Source data:
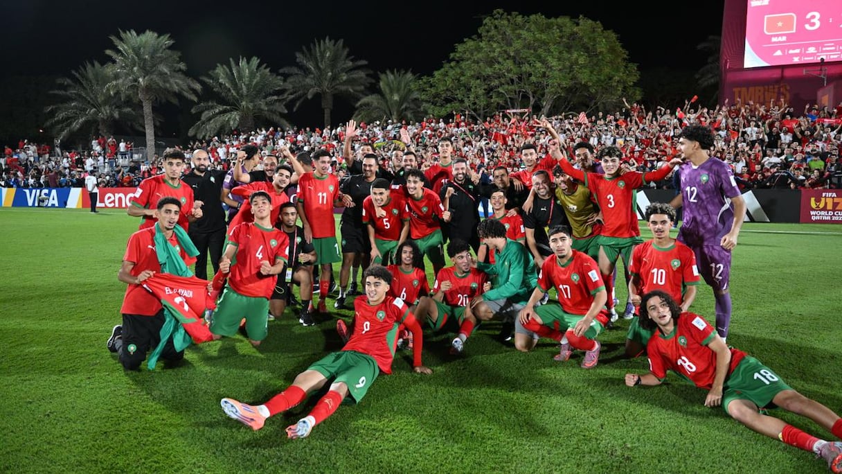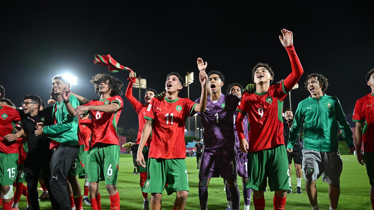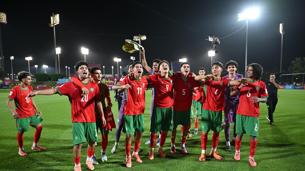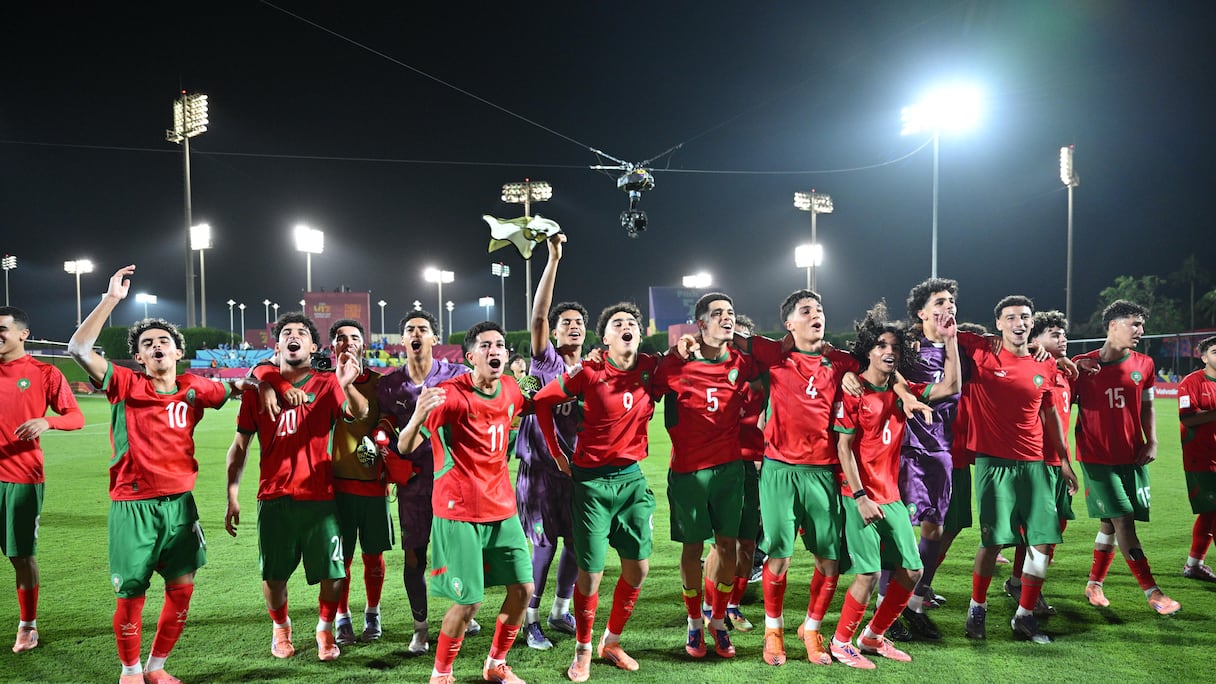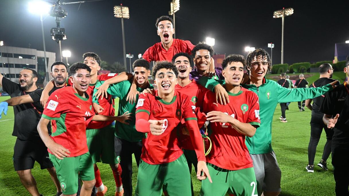 La joie des Lionceaux après Maroc-Mali (U17), 8e de finale de la Coupe du Monde Qatar-2025. FRMF
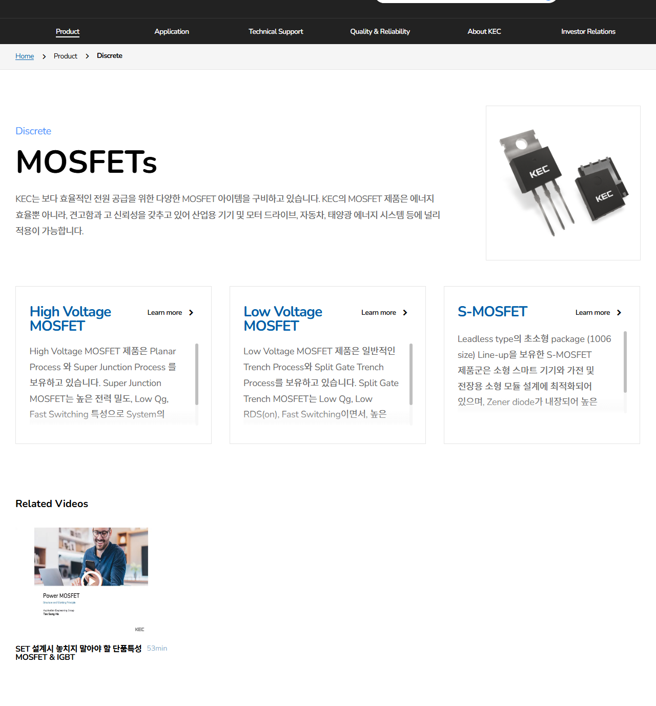 -내용 : 차세대 전력반도체 기업 KEC가 국내외 기관과의 계약을 통해 SiC MOSFET 사업화를 가속하고 있다. 회사는 트렌치형과 플래너형 SiC MOSFET을 모두 개발하는 독자적 역량을 보유하며, 제조 공정의 70%를 자체 확보하고 30%는 부산테크노파크에 위탁하고 있다. 대만 및 일본의 양산 역량 보유 기업들과도 사업 협력을 추진 중이다.
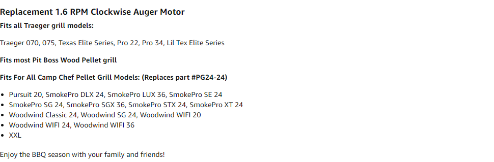 This Auger Motor helps power the auger which moves the pellets from the hopper to the firepot during cooking, with the rotation of 1.6 RPM. (Stock available in US Warehouse)
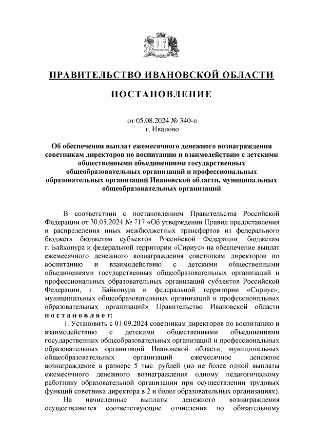 Постановление Правительства Ивановской области от 05.08.2024 N 340-п "Об обеспечении выплат ежемесячного денежного вознаграждения советникам директоров по воспитанию и взаимодействию с детскими общественными объединениями государственных общеобразовательных организаций и профессиональных образовательных организаций Ивановской области, муниципальных общеобразовательных организаций"
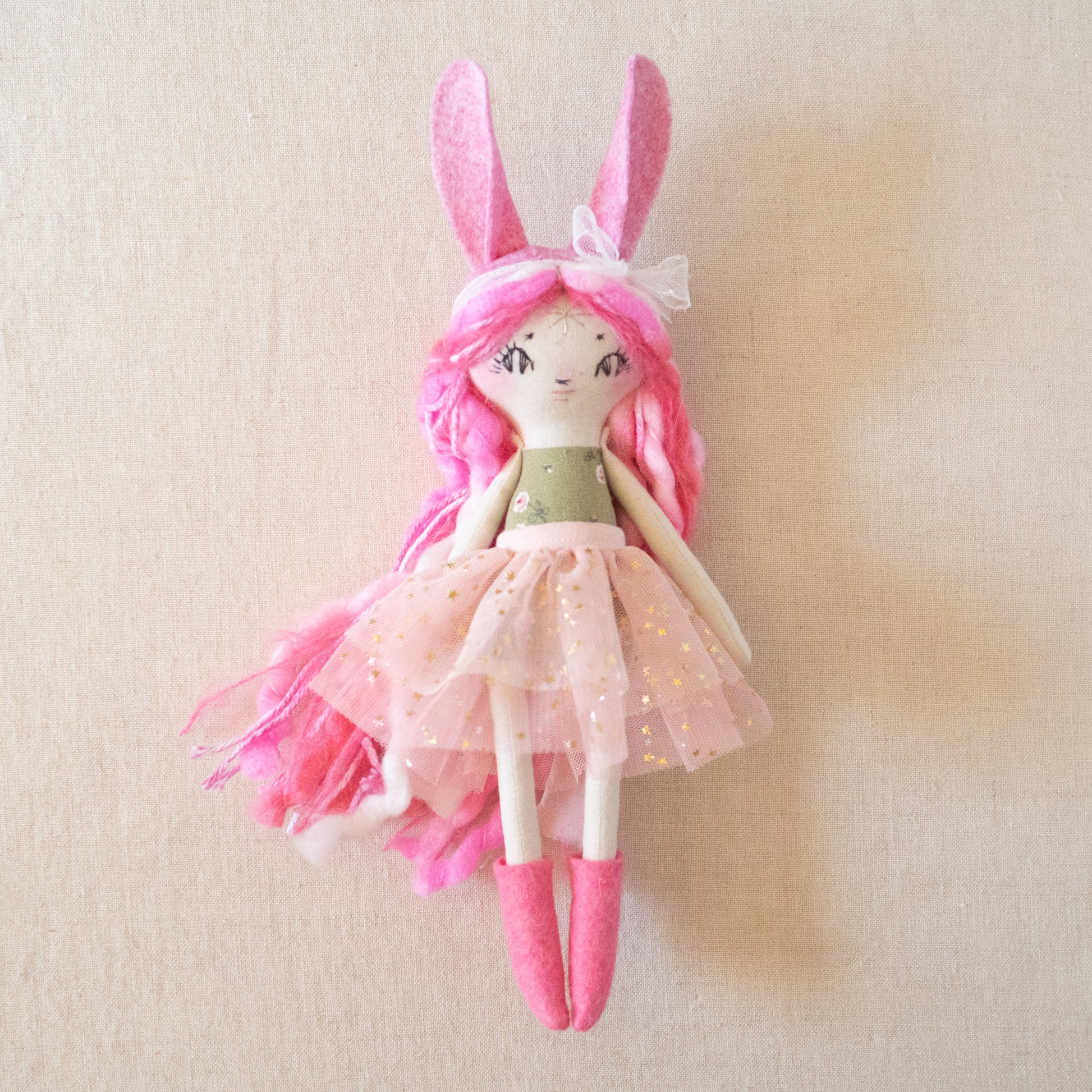 At 11" (those ears add some height!) tall our Petal Pixies are perfect for snuggling, tucking into pockets, and dress up.
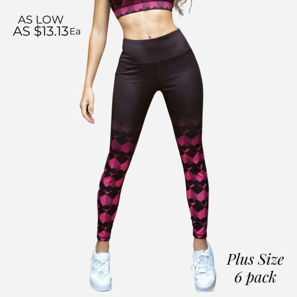 Active Leggings Featuring Patterned Bright Pink Diamonds in an Ombre Effect Down the Bodice. (6 Pack)
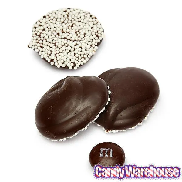 Box contains 8 pounds of Deluxe Dark Chocolate Nonpareils Candy Discs.
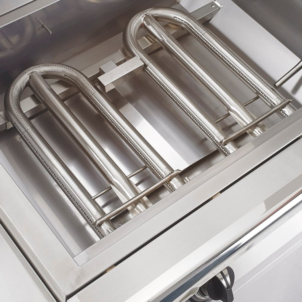 Optional Accessories: Infrared Sear Burner, Rotisserie Set, Wood/Chip Steam Tray, Grill Cart, Pedestal Mount, Lift Assist Handle, Cadde, Emergency Stop & Gas Timer, Cover, and Quick Disconnect Hose
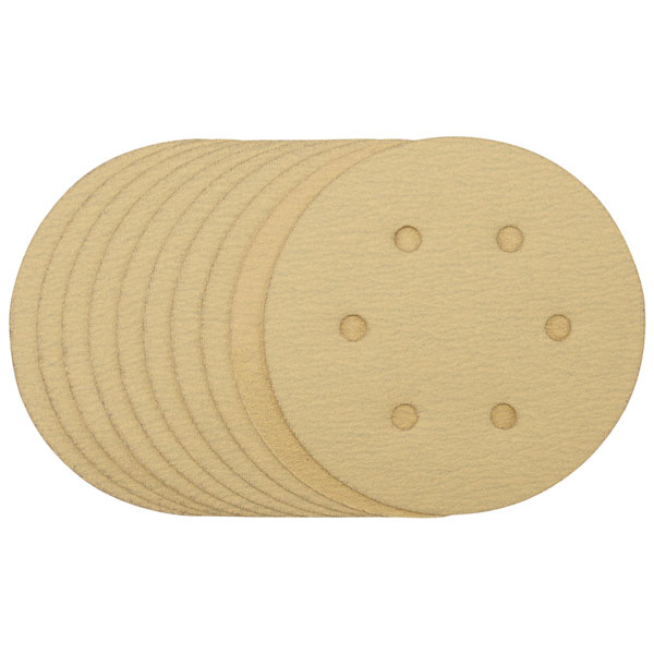 Pack of 10 gold sanding discs made from aluminium oxide with a special treatment of calcium stearate which is resin bonded to provide self-sharpening and anti-clogging performance.
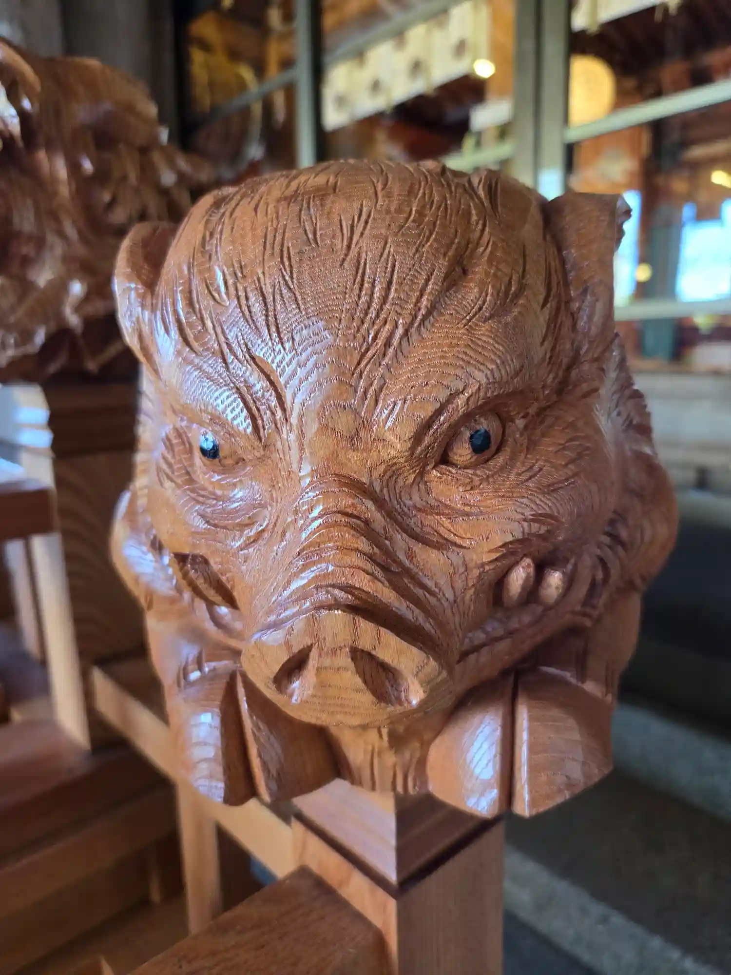 賽銭箱の上に干支木彫り人形が置かれておりました。
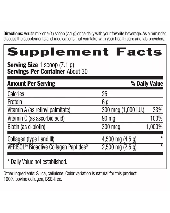 Mix one scoop of Country Life High Potency Maxi-Collagen 7000 Powder into your favorite beverage or recipe.
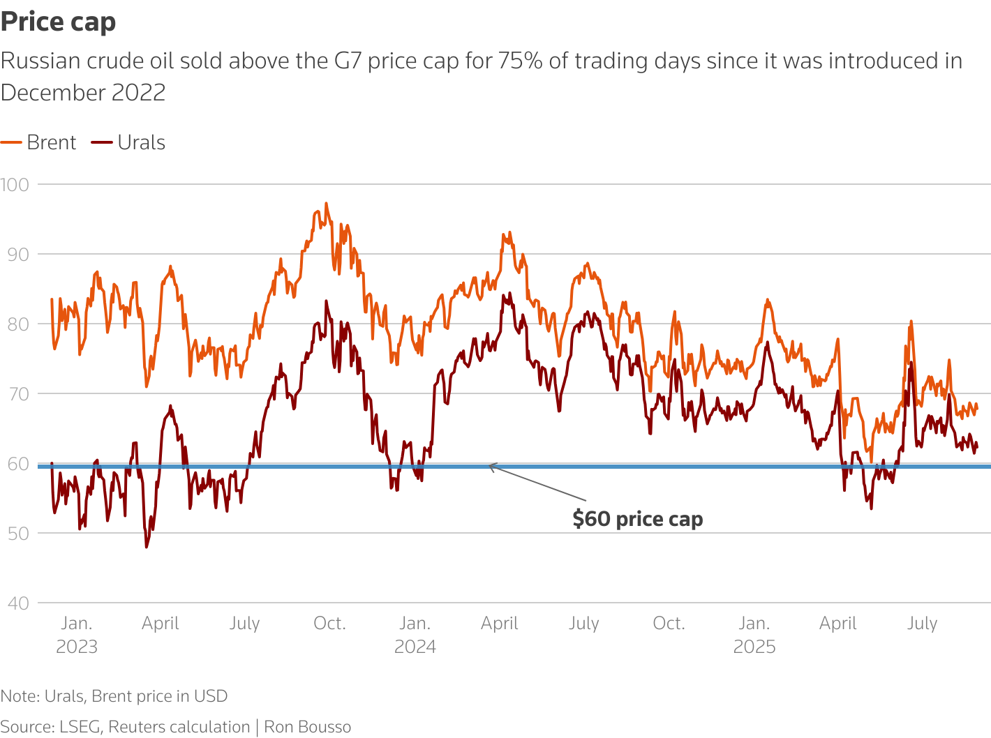But the impact has been less than expected. Russian Urals crude has traded above the $60 cap for 75% of the trading days since the measure took effect in December 2022, according to Reuters calculations, largely due to the use of dark fleets. And in August, the Urals discount to Brent narrowed to under $5 a barrel, the smallest since the war began.
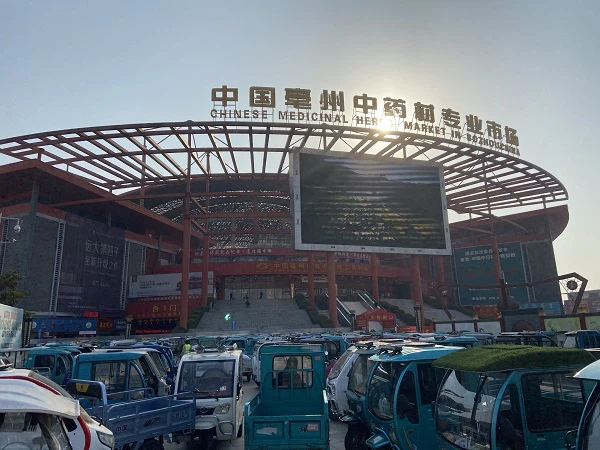 Trước cửa chợ đặc sản Trung dược thành phố Bặc Châu, các xe xếp hàng nườm nượp để chờ vận chuyển Tử Hà Sa. Ảnh: The Paper
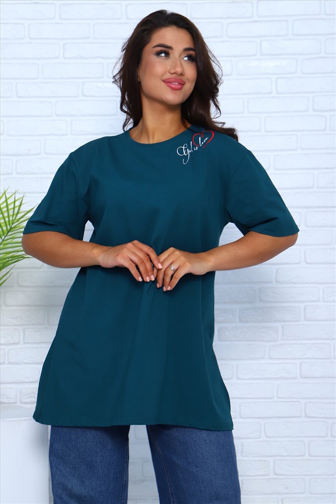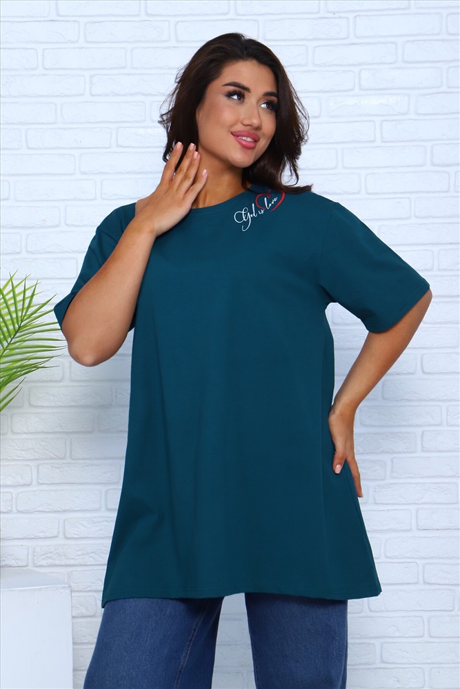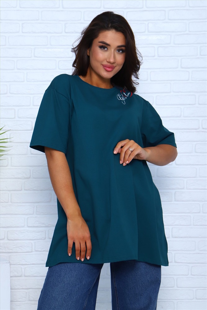 ID товара: 981602 Состав: 100% Хлопок Сезон: Весна/Лето Длина: Удлиненная Фасон: Свободный Рукав: короткие Вырез горловины: Округлый Основная ткань: Хлопок Стиль: повседневный Вид ткани: Кулирка Страна бренда: Россия Страна производства: Россия Футболка удлиненная, расширенная внизу, для высоких футболка, для миниатюрных девушек подойдет как короткое платье. Комментарии к товару
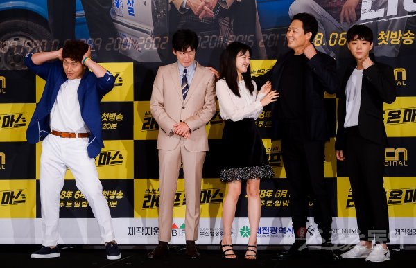 5일 서울 영등포구 여의도 콘래드 서울에서 열린 OCN 오리지널 ‘라이프 온 마스’ 제작발표회에서 출연 배우들이 포즈를 취하고 있다. 왼쪽부터 배우 오대환, 정경호, 고아성, 박성웅, 노종현.
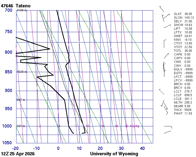 Precipitable water [mm] for entire sounding: 21.29
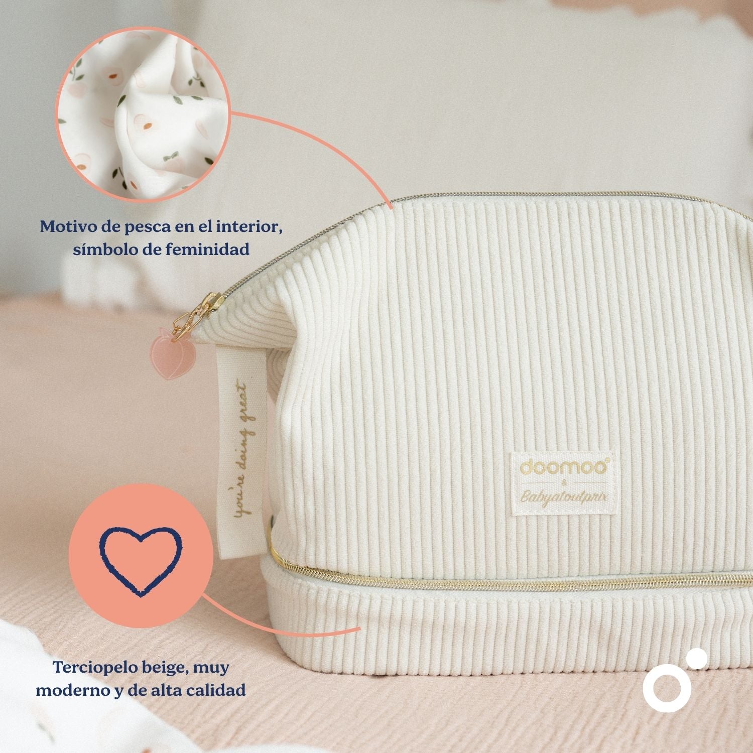 Con su terciopelo acanalado beige, detalles dorados y forro estampado, este neceser es tan práctico como elegante. Incluye un bolsillo aislado para mantener la higiene y otro interior para tus imprescindibles.
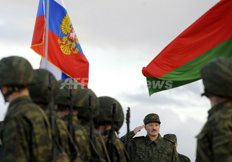 写真は、Obuz-Lesnovskyの射撃練習場で行われたロシア・ベラルーシ合同軍事演習「West-2009」で、兵士の行進に向かって敬礼するアレクサンドル・ルカシェンコ(Alexander Lukashenko)ベラルーシ大統領(2009年9月29日撮影)。(c)AFP/VIKTOR DRACHEV
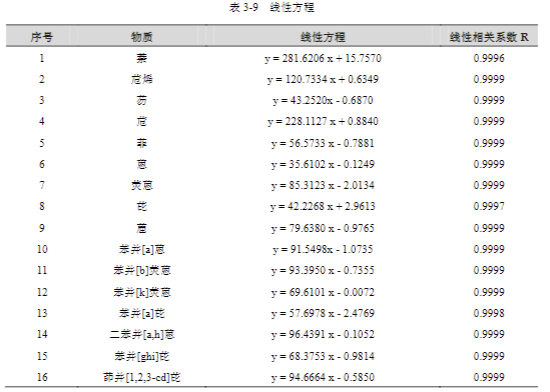 將 16 種多環(huán)芳烴標準工作溶液,按 3.3 中色譜條件進行分析,16 種多環(huán)芳烴線性如下表所示。

*What the task requires*
Reproduce, word for word, only the lines in the records above from the line with "Box contains 8" through the line with "Trước cửa chợ", including both ends; omit the pictures.

*Answer to this task*
 Box contains 8 pounds of Deluxe Dark Chocolate Nonpareils Candy Discs.
 Optional Accessories: Infrared Sear Burner, Rotisserie Set, Wood/Chip Steam Tray, Grill Cart, Pedestal Mount, Lift Assist Handle, Cadde, Emergency Stop & Gas Timer, Cover, and Quick Disconnect Hose
 Pack of 10 gold sanding discs made from aluminium oxide with a special treatment of calcium stearate which is resin bonded to provide self-sharpening and anti-clogging performance.
 賽銭箱の上に干支木彫り人形が置かれておりました。
 Mix one scoop of Country Life High Potency Maxi-Collagen 7000 Powder into your favorite beverage or recipe.
But the impact has been less than expected. Russian Urals crude has traded above the $60 cap for 75% of the trading days since the measure took effect in December 2022, according to Reuters calculations, largely due to the use of dark fleets. And in August, the Urals discount to Brent narrowed to under $5 a barrel, the smallest since the war began.
 Trước cửa chợ đặc sản Trung dược thành phố Bặc Châu, các xe xếp hàng nườm nượp để chờ vận chuyển Tử Hà Sa. Ảnh: The Paper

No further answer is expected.